**EXERCISE INSTRUCTIONS**
Your copy of the lines below must match them exactly and contain no images.

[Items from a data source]
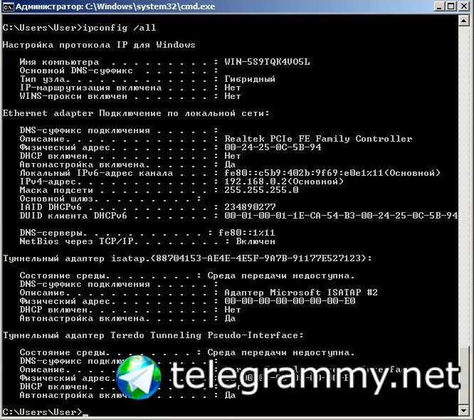 ipconfig /all с компа покажи
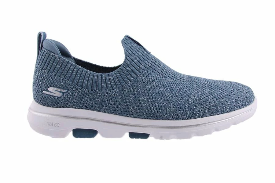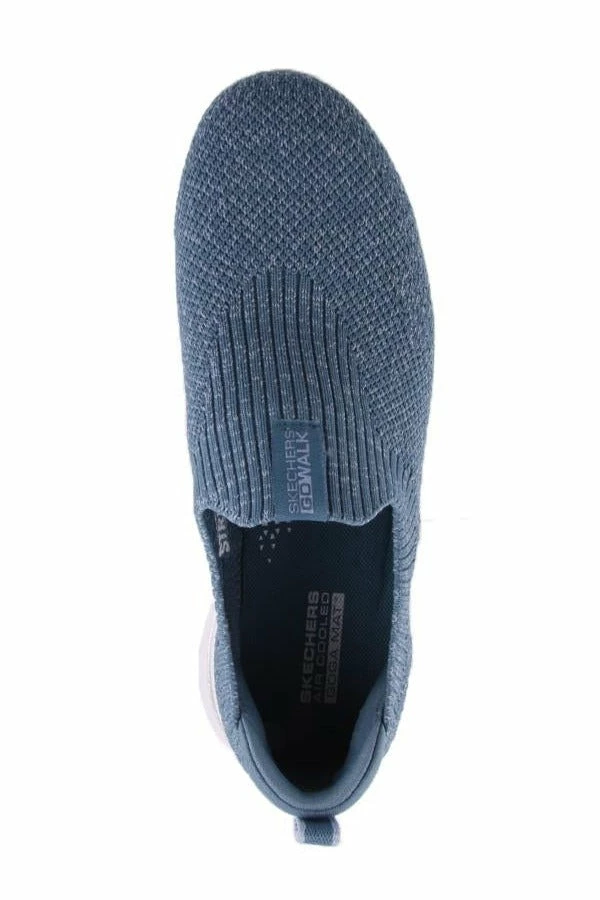 Go Walk 5 Trendy by Skechers is a woman’s slip-on sneaker style with a comfortable woven stretch fit upper, signature Goga mat insole and padded collar for extra comfort.
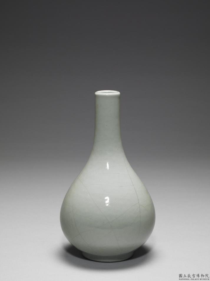 直口,长颈,斜肩,垂腹,矮圈足。全器内、外壁罩施白灰色釉至足际。周身带有少许开片。足圈露胎并施护胎釉。足内青釉地书「大清雍正年制」三行六字青花篆款。
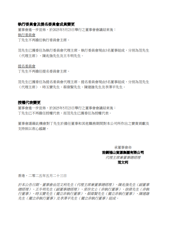 5月23日,首鋼福山資源集團有限公司發布了《執行董事退任、董事會主席變更、董事委員會成員變更及授權代表變更》公告。
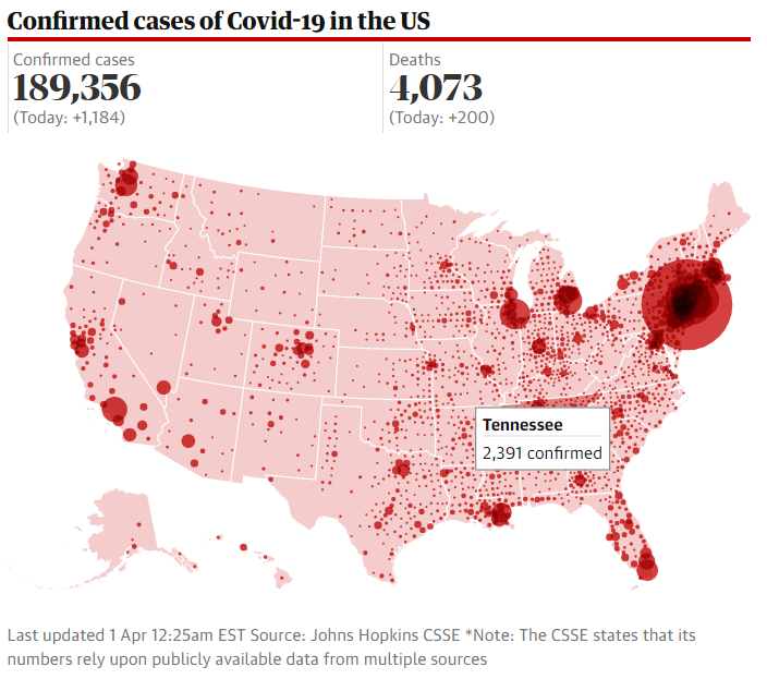 O αριθμός των επιβεβαιωμένων περιπτώσεων του Covid-19 συνεχίζει να αυξάνεται στις ΗΠΑ. Ο αντιπρόεδρος Mike Pence, επιβλέπει την ανταπόκριση των ΗΠΑ απέναντι στον κορωνοϊό. Τα συνολικά κρούσματα φτάνουν τα 189.356 και οι νεκροί τους 4.073.
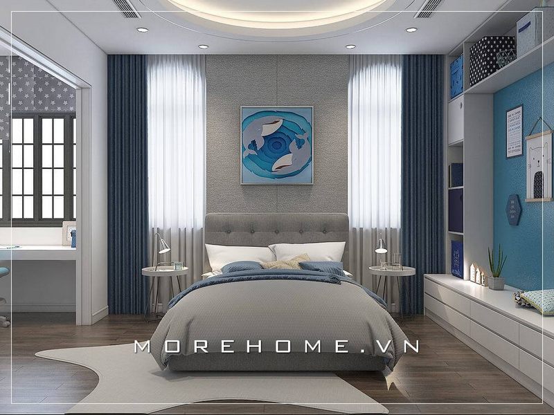 Mẫu giường ngủ đẹp cho phòng bé trai - mạnh mẽ nam tính với gam màu xanh dương trầm ấm

**ANSWER FOR THE TASK**
 ipconfig /all с компа покажи
 Go Walk 5 Trendy by Skechers is a woman’s slip-on sneaker style with a comfortable woven stretch fit upper, signature Goga mat insole and padded collar for extra comfort.
 直口,长颈,斜肩,垂腹,矮圈足。全器内、外壁罩施白灰色釉至足际。周身带有少许开片。足圈露胎并施护胎釉。足内青釉地书「大清雍正年制」三行六字青花篆款。
 5月23日,首鋼福山資源集團有限公司發布了《執行董事退任、董事會主席變更、董事委員會成員變更及授權代表變更》公告。
 O αριθμός των επιβεβαιωμένων περιπτώσεων του Covid-19 συνεχίζει να αυξάνεται στις ΗΠΑ. Ο αντιπρόεδρος Mike Pence, επιβλέπει την ανταπόκριση των ΗΠΑ απέναντι στον κορωνοϊό. Τα συνολικά κρούσματα φτάνουν τα 189.356 και οι νεκροί τους 4.073.
 Mẫu giường ngủ đẹp cho phòng bé trai - mạnh mẽ nam tính với gam màu xanh dương trầm ấm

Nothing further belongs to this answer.